- [Problem to work on]:
Leave the pictures out and quote every line from the start of the listing to the line with "Астронавт NASA Рэндольф", inclusive.

######

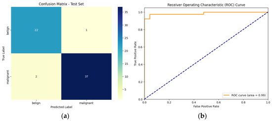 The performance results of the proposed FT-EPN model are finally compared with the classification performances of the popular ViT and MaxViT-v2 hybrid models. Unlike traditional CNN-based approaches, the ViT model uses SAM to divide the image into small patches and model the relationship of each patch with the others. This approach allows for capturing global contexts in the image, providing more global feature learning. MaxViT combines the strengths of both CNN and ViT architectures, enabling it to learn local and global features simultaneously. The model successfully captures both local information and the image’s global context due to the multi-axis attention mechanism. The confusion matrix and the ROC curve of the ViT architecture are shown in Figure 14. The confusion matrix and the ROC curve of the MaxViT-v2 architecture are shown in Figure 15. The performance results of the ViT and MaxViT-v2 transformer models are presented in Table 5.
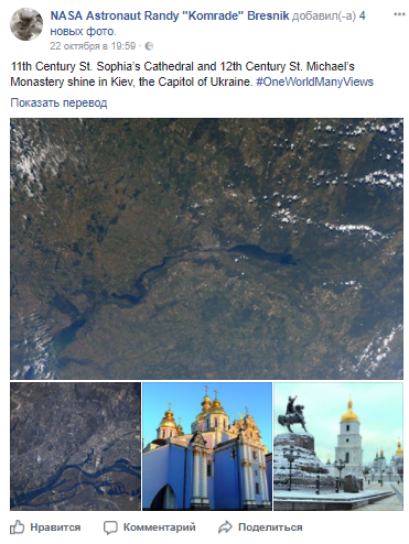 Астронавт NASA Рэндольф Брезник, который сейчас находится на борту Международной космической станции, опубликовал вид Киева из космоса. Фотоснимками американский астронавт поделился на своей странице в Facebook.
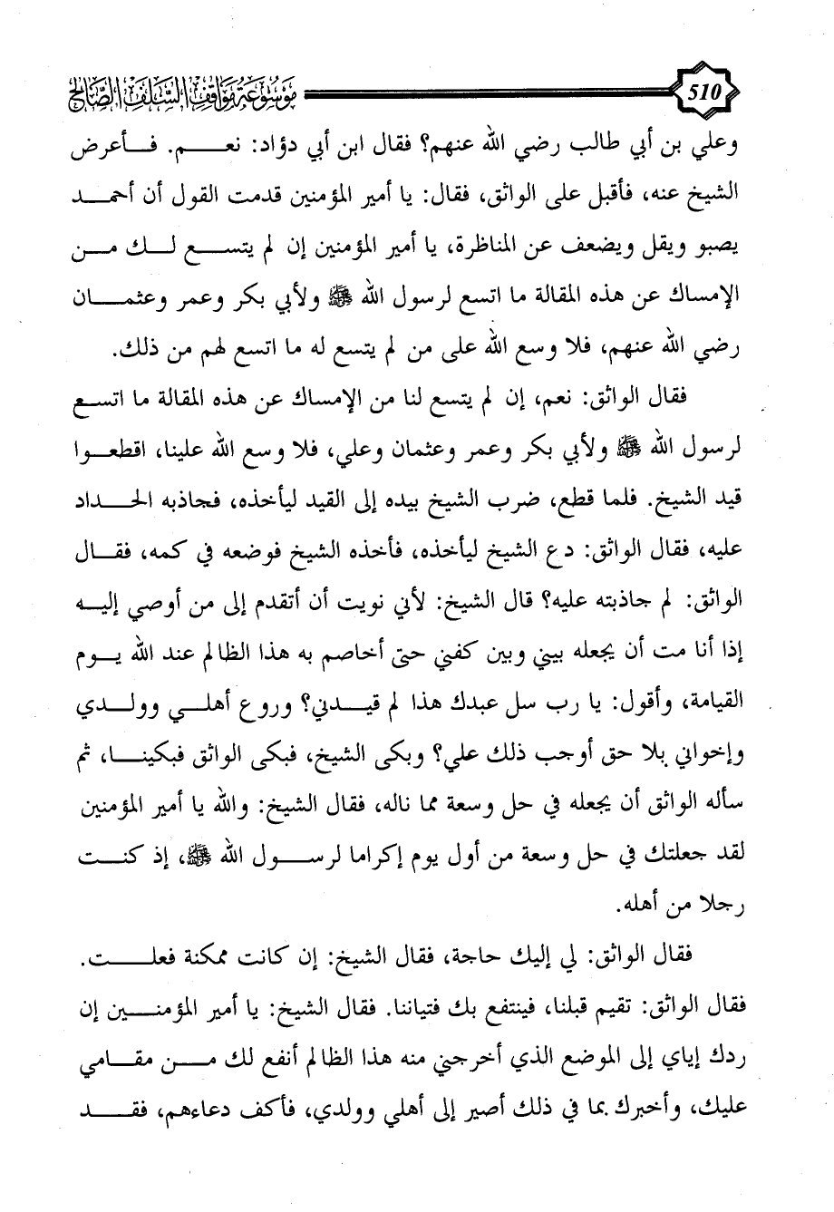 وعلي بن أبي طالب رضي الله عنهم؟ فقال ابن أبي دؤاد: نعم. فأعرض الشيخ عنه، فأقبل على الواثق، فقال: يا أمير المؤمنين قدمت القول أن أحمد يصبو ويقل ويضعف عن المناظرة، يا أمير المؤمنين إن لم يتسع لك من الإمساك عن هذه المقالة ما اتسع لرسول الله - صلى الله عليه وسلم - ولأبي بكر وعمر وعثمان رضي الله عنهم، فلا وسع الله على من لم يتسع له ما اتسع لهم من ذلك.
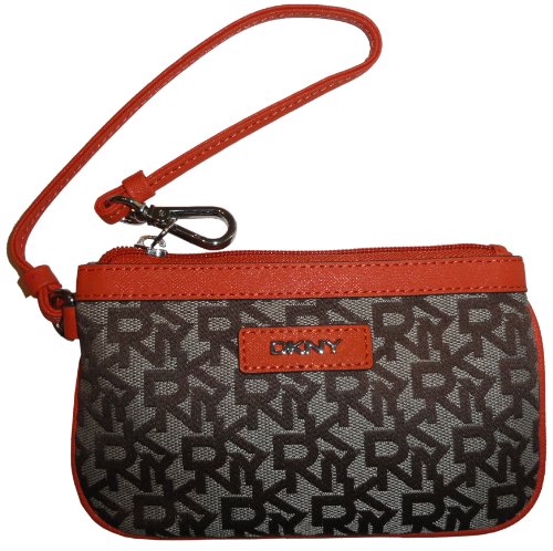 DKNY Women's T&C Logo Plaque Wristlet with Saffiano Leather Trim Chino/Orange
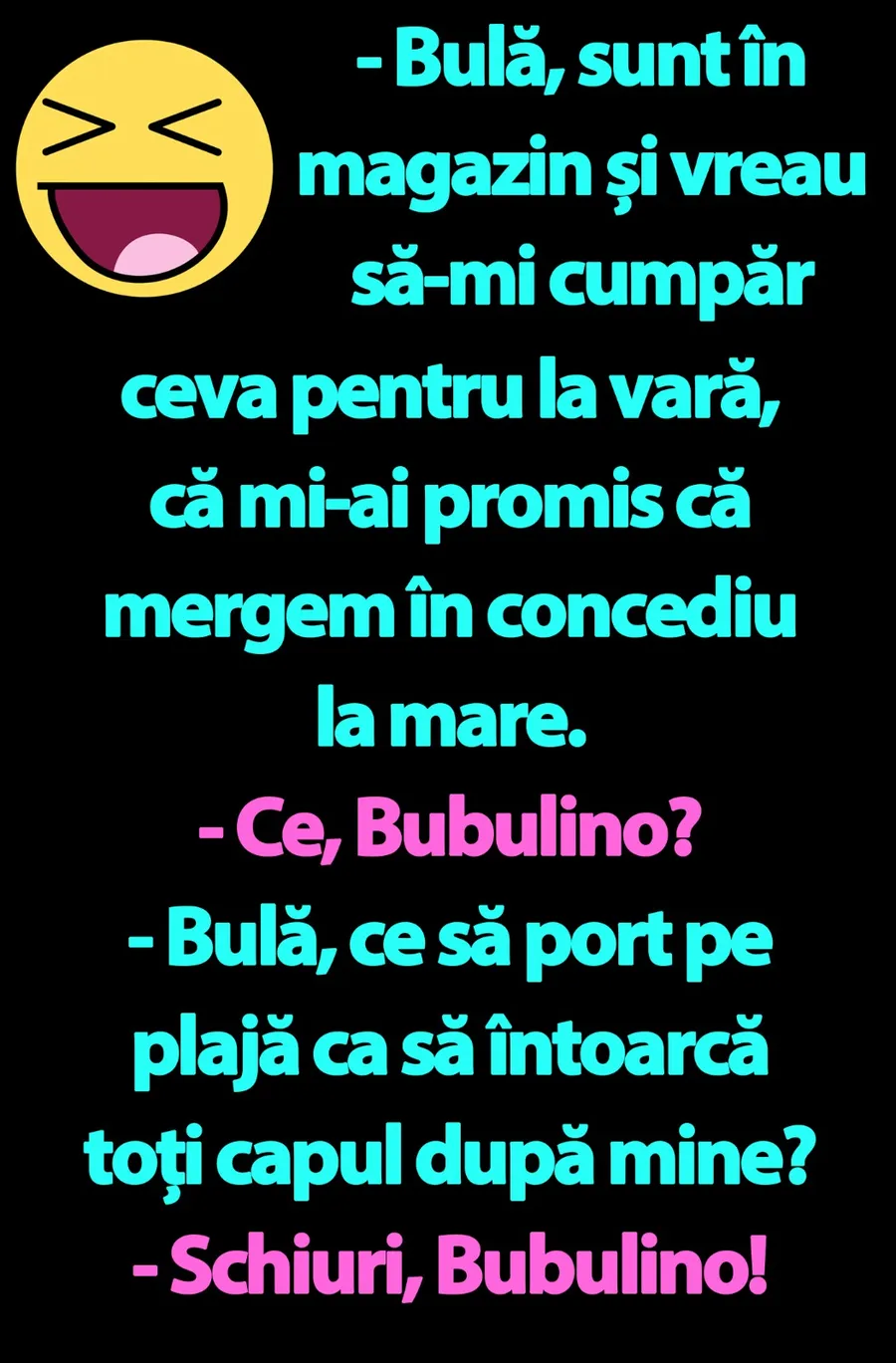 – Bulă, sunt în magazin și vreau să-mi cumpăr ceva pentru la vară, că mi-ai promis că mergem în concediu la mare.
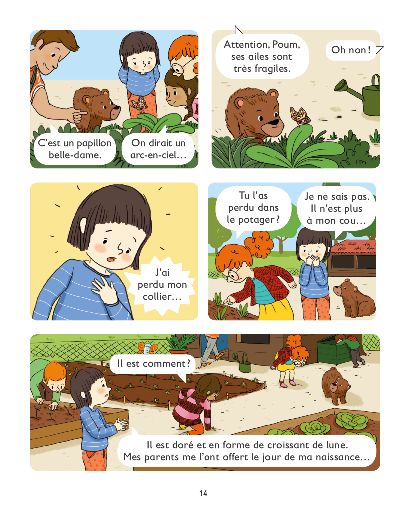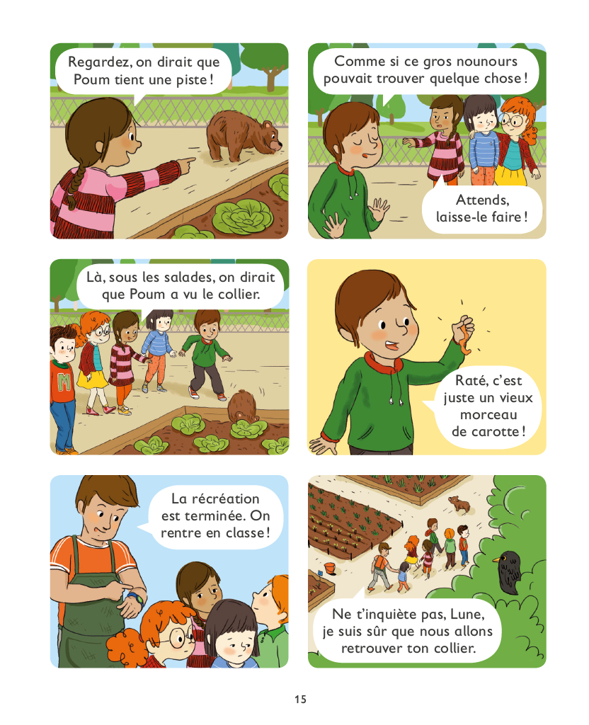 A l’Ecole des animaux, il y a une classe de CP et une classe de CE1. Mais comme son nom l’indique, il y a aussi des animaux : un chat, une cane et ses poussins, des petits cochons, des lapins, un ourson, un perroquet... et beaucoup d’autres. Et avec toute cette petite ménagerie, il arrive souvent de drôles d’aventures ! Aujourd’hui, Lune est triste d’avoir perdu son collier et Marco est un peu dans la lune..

######

- [Answer to the exercise]:
 The performance results of the proposed FT-EPN model are finally compared with the classification performances of the popular ViT and MaxViT-v2 hybrid models. Unlike traditional CNN-based approaches, the ViT model uses SAM to divide the image into small patches and model the relationship of each patch with the others. This approach allows for capturing global contexts in the image, providing more global feature learning. MaxViT combines the strengths of both CNN and ViT architectures, enabling it to learn local and global features simultaneously. The model successfully captures both local information and the image’s global context due to the multi-axis attention mechanism. The confusion matrix and the ROC curve of the ViT architecture are shown in Figure 14. The confusion matrix and the ROC curve of the MaxViT-v2 architecture are shown in Figure 15. The performance results of the ViT and MaxViT-v2 transformer models are presented in Table 5.
 Астронавт NASA Рэндольф Брезник, который сейчас находится на борту Международной космической станции, опубликовал вид Киева из космоса. Фотоснимками американский астронавт поделился на своей странице в Facebook.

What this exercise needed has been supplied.